● **What needs to be done**
Within this listing, how many lines include the word "also"? Only the number should be given.

━━━━

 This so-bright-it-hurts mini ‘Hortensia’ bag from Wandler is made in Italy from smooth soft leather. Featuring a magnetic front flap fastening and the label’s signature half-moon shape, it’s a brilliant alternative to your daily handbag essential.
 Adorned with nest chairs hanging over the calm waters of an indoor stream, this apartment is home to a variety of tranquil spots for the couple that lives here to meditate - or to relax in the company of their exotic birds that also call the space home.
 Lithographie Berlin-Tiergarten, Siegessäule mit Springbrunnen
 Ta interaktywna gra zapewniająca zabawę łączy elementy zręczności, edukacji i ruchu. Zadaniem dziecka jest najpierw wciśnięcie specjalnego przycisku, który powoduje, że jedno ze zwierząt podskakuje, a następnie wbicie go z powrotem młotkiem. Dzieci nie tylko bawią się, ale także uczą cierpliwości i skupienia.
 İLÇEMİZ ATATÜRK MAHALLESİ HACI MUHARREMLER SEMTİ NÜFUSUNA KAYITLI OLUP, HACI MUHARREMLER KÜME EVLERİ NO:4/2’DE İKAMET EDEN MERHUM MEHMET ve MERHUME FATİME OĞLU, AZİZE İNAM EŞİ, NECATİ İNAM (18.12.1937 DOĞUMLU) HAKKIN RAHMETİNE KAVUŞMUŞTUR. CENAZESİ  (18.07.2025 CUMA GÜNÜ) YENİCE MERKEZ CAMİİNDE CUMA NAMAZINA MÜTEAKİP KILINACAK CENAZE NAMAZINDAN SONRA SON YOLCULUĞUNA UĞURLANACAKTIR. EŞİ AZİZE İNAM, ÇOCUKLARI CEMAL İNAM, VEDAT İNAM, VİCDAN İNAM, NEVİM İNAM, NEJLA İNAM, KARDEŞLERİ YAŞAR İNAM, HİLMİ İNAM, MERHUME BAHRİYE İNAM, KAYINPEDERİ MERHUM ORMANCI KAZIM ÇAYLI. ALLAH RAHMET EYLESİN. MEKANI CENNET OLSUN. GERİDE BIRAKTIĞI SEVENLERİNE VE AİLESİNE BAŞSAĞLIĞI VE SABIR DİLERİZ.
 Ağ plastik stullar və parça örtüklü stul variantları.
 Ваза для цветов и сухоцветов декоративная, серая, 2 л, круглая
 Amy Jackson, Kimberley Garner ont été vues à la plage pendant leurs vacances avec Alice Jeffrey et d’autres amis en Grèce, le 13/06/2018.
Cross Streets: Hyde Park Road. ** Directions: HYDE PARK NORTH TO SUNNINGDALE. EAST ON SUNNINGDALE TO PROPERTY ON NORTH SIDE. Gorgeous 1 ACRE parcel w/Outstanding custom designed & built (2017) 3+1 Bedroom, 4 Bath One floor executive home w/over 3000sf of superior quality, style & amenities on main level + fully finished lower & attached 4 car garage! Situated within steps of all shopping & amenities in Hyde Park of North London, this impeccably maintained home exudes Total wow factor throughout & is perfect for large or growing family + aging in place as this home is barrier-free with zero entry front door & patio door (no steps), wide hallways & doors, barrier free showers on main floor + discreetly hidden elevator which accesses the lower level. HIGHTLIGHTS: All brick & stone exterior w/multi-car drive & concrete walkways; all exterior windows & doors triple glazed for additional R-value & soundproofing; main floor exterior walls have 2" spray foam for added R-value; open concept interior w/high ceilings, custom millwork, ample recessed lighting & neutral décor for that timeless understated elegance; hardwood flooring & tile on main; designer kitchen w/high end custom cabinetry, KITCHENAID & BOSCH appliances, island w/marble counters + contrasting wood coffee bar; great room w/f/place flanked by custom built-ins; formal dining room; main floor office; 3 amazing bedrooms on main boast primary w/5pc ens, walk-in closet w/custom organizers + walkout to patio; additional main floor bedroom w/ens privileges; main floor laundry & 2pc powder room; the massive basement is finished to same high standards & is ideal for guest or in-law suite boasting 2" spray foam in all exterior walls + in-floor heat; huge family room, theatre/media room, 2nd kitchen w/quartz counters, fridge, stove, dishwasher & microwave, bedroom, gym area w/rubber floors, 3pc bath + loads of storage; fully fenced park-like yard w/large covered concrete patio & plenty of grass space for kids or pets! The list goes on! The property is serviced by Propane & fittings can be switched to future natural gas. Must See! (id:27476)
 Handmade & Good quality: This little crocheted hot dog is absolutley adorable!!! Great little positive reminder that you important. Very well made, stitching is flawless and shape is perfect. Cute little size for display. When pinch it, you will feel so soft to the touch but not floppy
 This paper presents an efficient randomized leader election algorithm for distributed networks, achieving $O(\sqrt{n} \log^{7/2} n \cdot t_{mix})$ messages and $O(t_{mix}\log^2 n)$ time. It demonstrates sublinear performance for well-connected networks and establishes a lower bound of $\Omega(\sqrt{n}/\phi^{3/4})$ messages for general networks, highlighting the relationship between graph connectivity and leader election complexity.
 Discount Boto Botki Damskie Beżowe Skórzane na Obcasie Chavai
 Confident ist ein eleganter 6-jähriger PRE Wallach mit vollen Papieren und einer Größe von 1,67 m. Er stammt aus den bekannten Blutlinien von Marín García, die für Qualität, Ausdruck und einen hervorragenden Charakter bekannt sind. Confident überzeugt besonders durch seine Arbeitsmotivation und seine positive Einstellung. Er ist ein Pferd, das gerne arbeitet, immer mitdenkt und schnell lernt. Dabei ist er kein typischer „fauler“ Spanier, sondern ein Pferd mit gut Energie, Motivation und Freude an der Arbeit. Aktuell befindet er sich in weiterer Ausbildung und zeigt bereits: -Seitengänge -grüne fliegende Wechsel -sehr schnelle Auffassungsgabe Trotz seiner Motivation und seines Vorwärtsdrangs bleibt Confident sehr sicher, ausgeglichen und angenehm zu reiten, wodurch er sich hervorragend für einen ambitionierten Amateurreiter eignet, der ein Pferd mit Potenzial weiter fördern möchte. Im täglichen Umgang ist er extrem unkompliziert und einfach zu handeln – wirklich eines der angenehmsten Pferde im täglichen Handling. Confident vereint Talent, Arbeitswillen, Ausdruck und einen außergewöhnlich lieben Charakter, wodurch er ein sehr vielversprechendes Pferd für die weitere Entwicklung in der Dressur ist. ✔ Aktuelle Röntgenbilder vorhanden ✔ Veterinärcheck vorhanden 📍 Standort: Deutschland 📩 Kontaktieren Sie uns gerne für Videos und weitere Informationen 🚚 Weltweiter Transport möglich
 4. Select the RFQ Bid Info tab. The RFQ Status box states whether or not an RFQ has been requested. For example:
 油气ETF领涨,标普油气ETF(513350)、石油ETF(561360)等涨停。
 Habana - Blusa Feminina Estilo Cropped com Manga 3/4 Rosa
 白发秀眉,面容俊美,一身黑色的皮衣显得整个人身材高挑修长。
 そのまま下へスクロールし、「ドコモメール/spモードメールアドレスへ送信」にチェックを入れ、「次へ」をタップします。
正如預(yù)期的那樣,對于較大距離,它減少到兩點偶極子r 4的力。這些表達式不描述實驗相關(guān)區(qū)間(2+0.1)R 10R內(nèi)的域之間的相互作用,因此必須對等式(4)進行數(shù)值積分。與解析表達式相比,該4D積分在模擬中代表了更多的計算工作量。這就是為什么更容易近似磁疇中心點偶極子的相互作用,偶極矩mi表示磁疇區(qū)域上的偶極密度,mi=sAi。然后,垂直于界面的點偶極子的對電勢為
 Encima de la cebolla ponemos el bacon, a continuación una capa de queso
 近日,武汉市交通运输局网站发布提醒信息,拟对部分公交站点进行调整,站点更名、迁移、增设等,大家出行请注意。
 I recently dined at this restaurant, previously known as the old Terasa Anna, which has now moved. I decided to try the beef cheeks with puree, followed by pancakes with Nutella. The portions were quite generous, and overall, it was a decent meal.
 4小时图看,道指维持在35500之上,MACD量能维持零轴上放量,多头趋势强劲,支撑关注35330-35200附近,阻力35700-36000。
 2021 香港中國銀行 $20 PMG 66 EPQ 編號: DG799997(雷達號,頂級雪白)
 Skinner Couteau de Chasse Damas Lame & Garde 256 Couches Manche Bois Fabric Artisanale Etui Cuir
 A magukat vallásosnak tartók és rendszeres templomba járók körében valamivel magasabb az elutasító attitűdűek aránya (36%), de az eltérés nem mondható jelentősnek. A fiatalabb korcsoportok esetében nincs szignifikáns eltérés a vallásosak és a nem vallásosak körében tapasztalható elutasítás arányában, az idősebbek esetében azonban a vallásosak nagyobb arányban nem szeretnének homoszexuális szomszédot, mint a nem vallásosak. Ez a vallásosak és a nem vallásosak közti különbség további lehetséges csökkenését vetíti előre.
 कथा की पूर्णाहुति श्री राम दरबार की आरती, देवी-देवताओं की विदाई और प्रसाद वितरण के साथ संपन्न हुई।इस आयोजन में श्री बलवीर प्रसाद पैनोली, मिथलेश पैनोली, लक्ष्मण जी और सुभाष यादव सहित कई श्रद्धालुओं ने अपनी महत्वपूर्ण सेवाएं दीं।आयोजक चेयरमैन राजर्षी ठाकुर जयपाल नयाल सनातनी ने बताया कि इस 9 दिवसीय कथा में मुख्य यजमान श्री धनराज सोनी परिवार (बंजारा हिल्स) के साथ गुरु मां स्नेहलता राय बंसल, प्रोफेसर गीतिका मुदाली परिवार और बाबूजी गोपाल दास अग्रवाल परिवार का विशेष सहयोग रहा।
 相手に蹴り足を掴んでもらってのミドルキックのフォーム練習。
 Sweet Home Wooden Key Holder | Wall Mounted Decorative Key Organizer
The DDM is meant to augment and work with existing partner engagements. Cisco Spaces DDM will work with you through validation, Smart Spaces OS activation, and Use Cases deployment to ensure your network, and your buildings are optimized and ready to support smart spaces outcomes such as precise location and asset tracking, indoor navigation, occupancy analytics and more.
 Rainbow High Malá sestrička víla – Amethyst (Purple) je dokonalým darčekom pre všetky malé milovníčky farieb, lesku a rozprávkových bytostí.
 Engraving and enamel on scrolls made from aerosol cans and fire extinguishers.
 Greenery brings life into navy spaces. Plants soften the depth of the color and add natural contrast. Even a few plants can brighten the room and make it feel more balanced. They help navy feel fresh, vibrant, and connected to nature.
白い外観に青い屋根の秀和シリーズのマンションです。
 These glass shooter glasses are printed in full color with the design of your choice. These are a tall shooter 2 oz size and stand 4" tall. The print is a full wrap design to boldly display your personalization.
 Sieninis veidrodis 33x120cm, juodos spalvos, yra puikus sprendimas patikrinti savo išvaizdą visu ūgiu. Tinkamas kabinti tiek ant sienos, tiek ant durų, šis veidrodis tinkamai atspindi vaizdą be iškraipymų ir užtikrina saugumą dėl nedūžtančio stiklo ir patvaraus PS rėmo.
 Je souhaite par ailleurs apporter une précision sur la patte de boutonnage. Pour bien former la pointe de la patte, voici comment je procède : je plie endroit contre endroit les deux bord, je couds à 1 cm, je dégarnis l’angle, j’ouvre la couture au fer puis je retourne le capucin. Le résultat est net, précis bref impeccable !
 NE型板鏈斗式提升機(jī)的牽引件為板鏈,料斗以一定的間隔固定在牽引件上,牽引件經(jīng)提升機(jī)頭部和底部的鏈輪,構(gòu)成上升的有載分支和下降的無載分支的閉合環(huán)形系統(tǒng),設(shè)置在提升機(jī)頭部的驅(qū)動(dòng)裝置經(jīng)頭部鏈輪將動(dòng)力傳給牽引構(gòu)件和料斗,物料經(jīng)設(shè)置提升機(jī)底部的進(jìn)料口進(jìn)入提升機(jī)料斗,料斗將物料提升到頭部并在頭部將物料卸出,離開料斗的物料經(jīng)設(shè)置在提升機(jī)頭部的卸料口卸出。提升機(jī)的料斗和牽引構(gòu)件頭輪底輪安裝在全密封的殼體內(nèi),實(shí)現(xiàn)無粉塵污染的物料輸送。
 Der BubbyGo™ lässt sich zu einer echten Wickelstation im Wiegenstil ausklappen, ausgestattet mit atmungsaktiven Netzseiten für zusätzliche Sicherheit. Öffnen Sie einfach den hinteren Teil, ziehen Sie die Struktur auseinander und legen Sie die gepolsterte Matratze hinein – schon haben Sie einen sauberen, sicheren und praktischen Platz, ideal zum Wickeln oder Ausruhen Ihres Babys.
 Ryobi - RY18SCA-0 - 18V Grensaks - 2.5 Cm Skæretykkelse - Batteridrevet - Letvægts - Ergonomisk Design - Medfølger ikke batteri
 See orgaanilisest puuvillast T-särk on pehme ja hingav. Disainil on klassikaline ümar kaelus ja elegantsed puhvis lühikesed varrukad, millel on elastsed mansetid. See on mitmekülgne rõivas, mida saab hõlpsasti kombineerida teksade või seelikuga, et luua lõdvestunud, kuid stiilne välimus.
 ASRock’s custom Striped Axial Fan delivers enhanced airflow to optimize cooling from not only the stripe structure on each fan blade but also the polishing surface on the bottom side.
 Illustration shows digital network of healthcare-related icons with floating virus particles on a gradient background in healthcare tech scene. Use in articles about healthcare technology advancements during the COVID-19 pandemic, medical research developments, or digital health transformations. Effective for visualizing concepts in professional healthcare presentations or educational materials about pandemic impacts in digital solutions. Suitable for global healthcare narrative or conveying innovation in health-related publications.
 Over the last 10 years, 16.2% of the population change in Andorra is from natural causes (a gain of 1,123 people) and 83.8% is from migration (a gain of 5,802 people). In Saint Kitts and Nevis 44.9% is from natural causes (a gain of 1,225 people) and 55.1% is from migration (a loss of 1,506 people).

━━━━

● **Answer to this problem**
2